● DATA
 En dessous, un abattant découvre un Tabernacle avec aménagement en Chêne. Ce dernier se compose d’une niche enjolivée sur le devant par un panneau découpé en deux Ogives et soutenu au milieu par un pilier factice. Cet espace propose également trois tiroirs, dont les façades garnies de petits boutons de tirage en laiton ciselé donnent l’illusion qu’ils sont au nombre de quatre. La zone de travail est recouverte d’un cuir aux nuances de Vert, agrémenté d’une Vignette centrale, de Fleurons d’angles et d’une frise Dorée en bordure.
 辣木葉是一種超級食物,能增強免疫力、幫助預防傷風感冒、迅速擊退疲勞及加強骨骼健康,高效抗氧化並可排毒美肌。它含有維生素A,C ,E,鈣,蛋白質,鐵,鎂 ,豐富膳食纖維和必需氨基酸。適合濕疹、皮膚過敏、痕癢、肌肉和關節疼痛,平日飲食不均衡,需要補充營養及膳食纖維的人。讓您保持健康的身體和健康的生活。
...
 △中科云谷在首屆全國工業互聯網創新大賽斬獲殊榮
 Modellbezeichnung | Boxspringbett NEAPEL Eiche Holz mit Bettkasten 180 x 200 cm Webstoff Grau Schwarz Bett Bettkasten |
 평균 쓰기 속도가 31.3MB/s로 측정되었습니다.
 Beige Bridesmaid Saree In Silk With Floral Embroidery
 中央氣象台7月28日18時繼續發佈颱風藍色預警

● TASK BRIEF
The response must hold only the lines above from the line with "Modellbezeichnung | Boxspringbett" through the line with "中央氣象台7月28日18時繼續發佈颱風藍色預警", each copied exactly, both ends kept.

● OUTPUT OF THE TASK
 Modellbezeichnung | Boxspringbett NEAPEL Eiche Holz mit Bettkasten 180 x 200 cm Webstoff Grau Schwarz Bett Bettkasten |
 평균 쓰기 속도가 31.3MB/s로 측정되었습니다.
 Beige Bridesmaid Saree In Silk With Floral Embroidery
 中央氣象台7月28日18時繼續發佈颱風藍色預警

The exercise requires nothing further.